Brief
Repeat exactly the lines running from the first line of the data to the line containing "Felli Zambak Desen", both ends included, and nothing else; drop the pictures.

Task data
/---

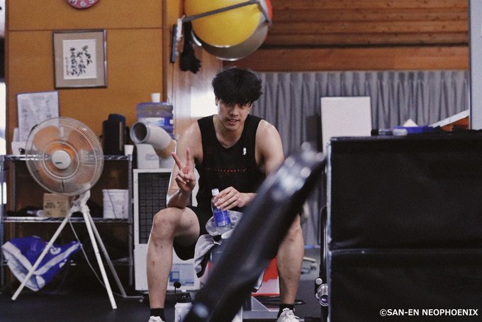 \WELCOMETOPHOENIX/本日の体育館ではトレーニングしている#吉井裕鷹選手の姿も早速ピースいただきました#三遠ネオフェニックス#Bリーグ
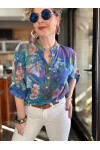 Felli Zambak Desen Desenli İtalyan Gömlek Turkuaz
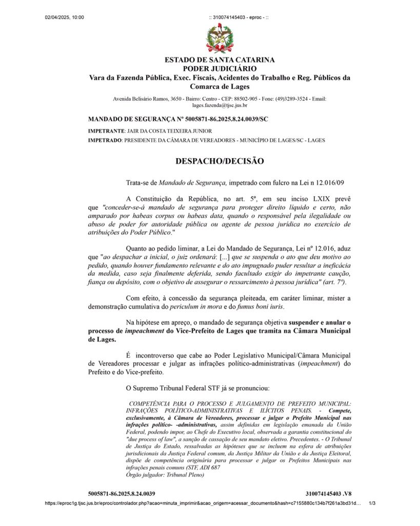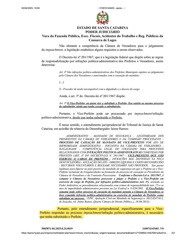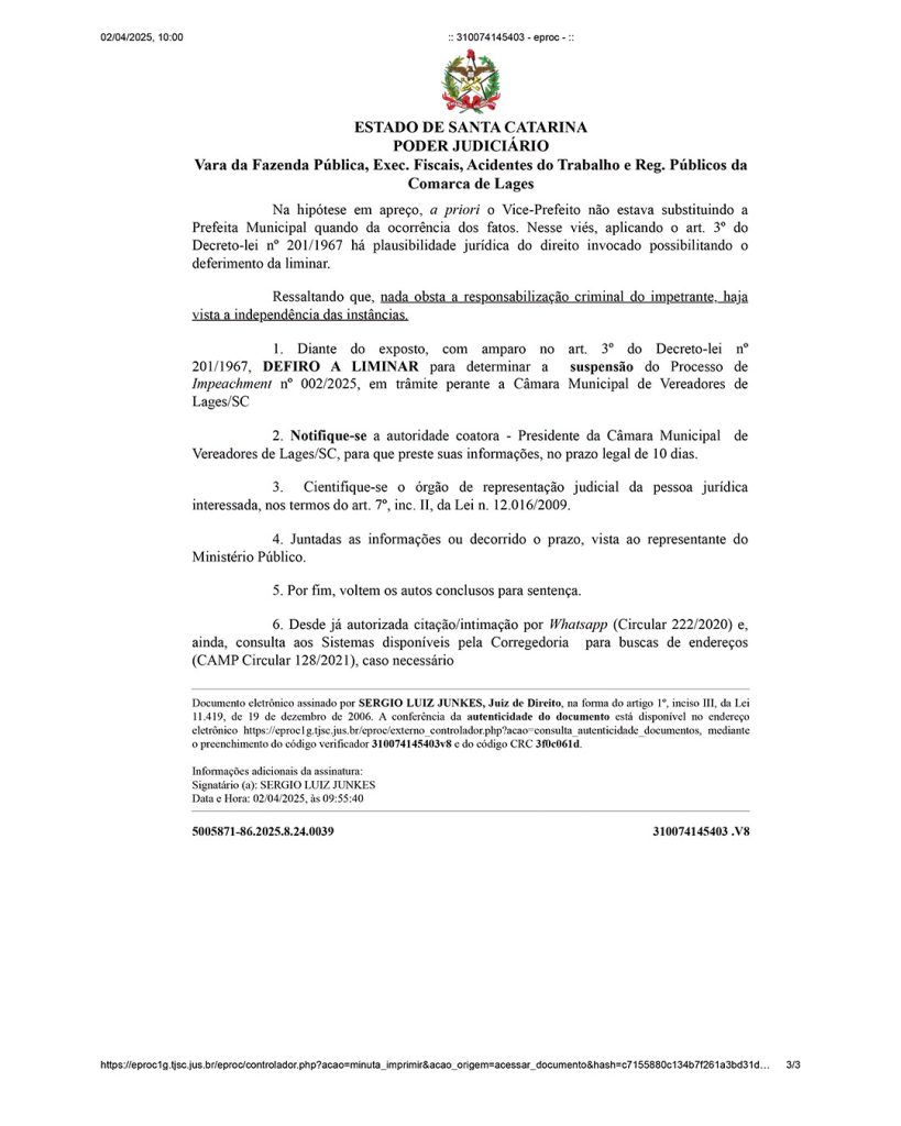 No dia 02 de abril, o juiz da Vara da Fazenda Pública da Comarca de Lages, em decisão liminar proferida em Mandado de Segurança impetrado pelo vice-prefeito, determinou a suspensão do processo de impeachment por entender que o procedimento não é cabível em face de vice-prefeito que não tenha substituído o prefeito.
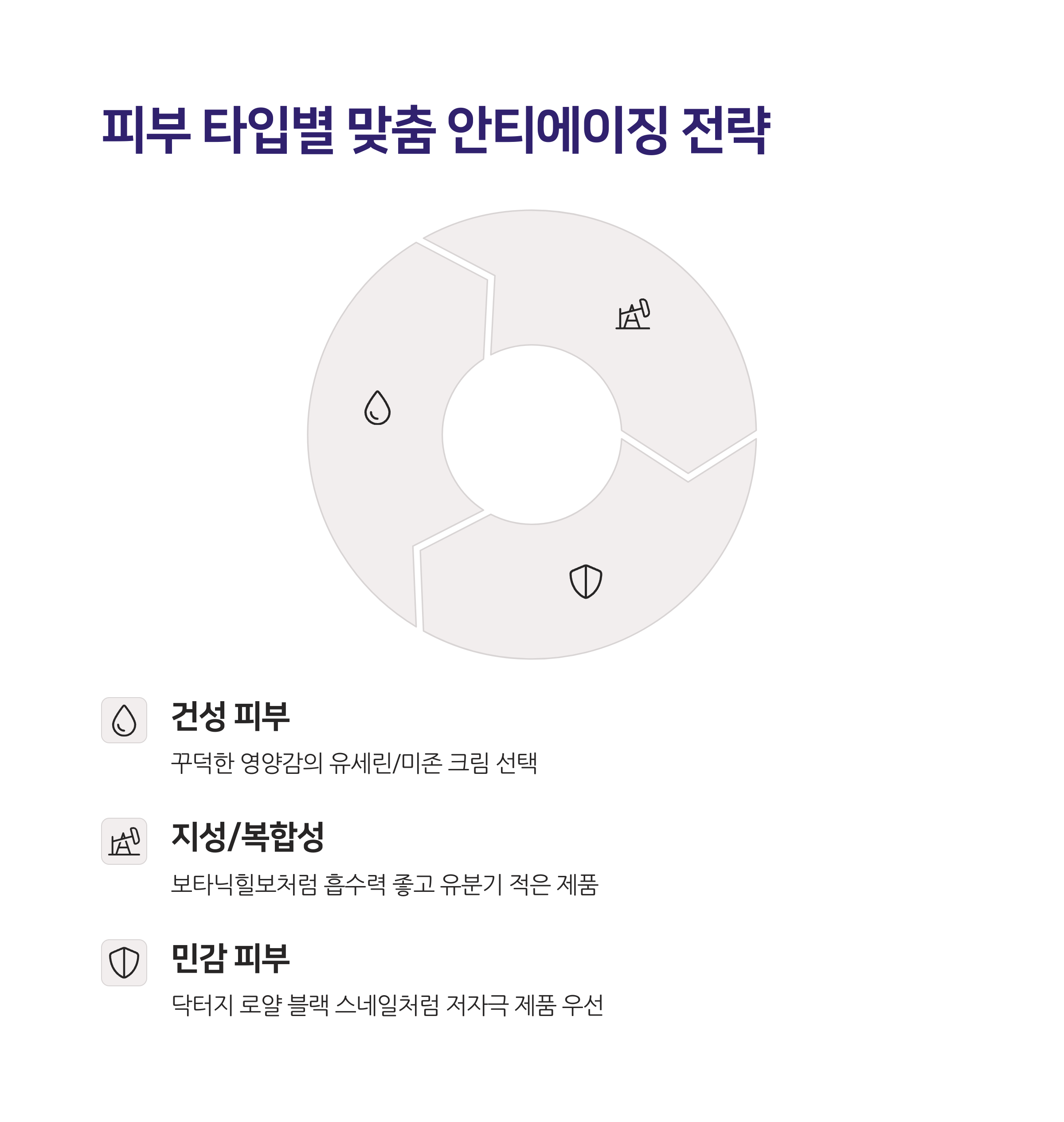 건성 피부는 수분과 유분이 부족해 더 빠른 노화가 진행돼요. 유세린 하이알루론 3X 나이트크림이나 미즈온 콜라겐 파워 리프팅 크림처럼 풍부한 보습과 영양을 제공하는 제품을 선택하세요! 에센스-세럼-크림 순으로 레이어링하면 효과가 더 좋아요.
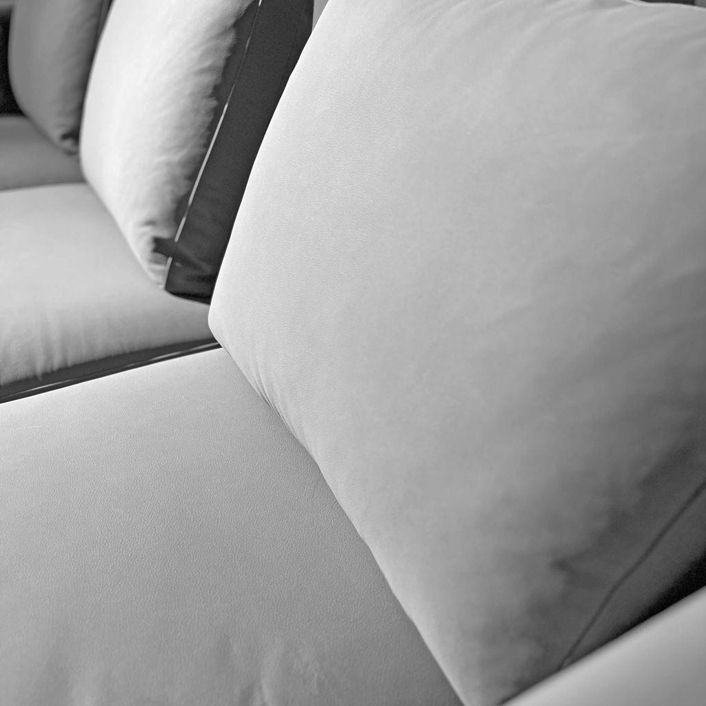 I cuscini schienali creano situazioni di pieno e vuoto e lasciano intravedere abilmente il disegno che dal bracciolo prosegue per tutto lo schienale. Lo stesso disegno che ne esalta i cuscini decoro che completano il confort della relax.

\---

Response to the exercise
 \WELCOMETOPHOENIX/本日の体育館ではトレーニングしている#吉井裕鷹選手の姿も早速ピースいただきました#三遠ネオフェニックス#Bリーグ
 Felli Zambak Desen Desenli İtalyan Gömlek Turkuaz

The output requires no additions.